É. Kiss (1998) — Identificational Focus versus Information Focus #
@cite{kiss-1998} @cite{hartmann-zimmermann-2007}
@cite{kiss-1998} argues for a structural distinction between two focus types in Hungarian:
- Identificational focus moves to Spec,FP (immediately preverbal) and expresses exhaustive identification — selecting the maximal subset of contextually-given alternatives for which the predicate holds.
- Information focus stays VP-internal (postverbal); it merely marks nonpresupposed information without exhaustivity.
Hungarian is the empirical pivot in the typological debate that @cite{hartmann-zimmermann-2007} later use Hausa to challenge: Hungarian validates the Meaning-Structure Mapping Hypothesis (focus position determines focus type and exhaustivity); Hausa refutes it.
This file is the second of two studies that instantiate
Theories.Semantics.Focus.MSMH.MeaningStructureMapping (the
polymorphic hypothesis). The contrast is deep, not analogical: the
same theorem statement holds for Hungarian (hungarian_satisfies_MSMH
below) and fails for Hausa (hausa_falsifies_MSMH in
HartmannZimmermann2007.lean). The two refutations / validations use
the same predicate from Theories/Semantics/Focus/.

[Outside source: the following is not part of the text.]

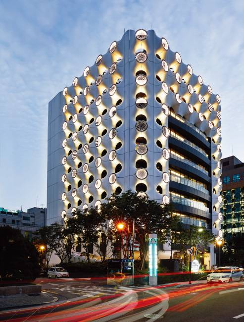하지만 여기엔 또 다른 기술적 문제가 도사리고 있었다. 그런 독특한 외벽을 철근콘크리트 구조로 만들려면 외벽 두께가 18cm, 모듈 하나당 무게가 6.5t이나 돼야 했다. 그만큼 기존 건축물의 실내 공간이 줄어들 수밖에 없었던 것. 그 대안으로 김 대표가 찾아낸 건축자재가 '초고성능콘크리트(UHPC)'다. 일반 콘크리트가 1㎠당 240kg의 하중을 견딘다면 UHPC는 1t 이상 하중을 버틸 수 있어 철근도 따로 필요 없이 외벽 두께를 8cm, 모듈당 무게를 1.5t까지 줄일 수 있었다. 그래서 아예 공장에서 모듈별로 주형을 떠 형태를 만든 뒤 현장에서 조립해 완성한 것이 지금의 독특한 외관을 형성했다.

The §3 distributional restrictions are encoded via
Fragments.Hungarian.Focus.ConstituentClass.compatibleWith. The
positive theorems onlyPhrase_forces_identificational and
someIndef_never_licensed live at the Fragment level (they are
universal closures over arbitrary licensed configs); this file only
adds the empirical cells from the paper and the typological
contrast theorems.
Out of scope: §4 scope (identificational focus binds variables; information focus does not); §5.2 the cleft-construction realisation of identificational focus in English (would need an English Cleft Fragment); §6 the cross-linguistic feature typology ([±exhaustive], [±contrastive]) parametrising Italian, Romanian, Catalan, Greek, Arabic, Finnish; §7 focus iteration and projection (eq. 51–53). The §1 examples are tagged in docstring prose with cell labels rather than encoded as separate per-PAC cells (Hungarian PACs are not yet formalised as a TAM type).
Eq. (5a): Tegnap este Marinak mutattam be Pétert 'It was to MARY that I introduced Peter last night.' Identificational/preverbal: of the relevant set of persons, it was Mary and no one else that I introduced Peter to.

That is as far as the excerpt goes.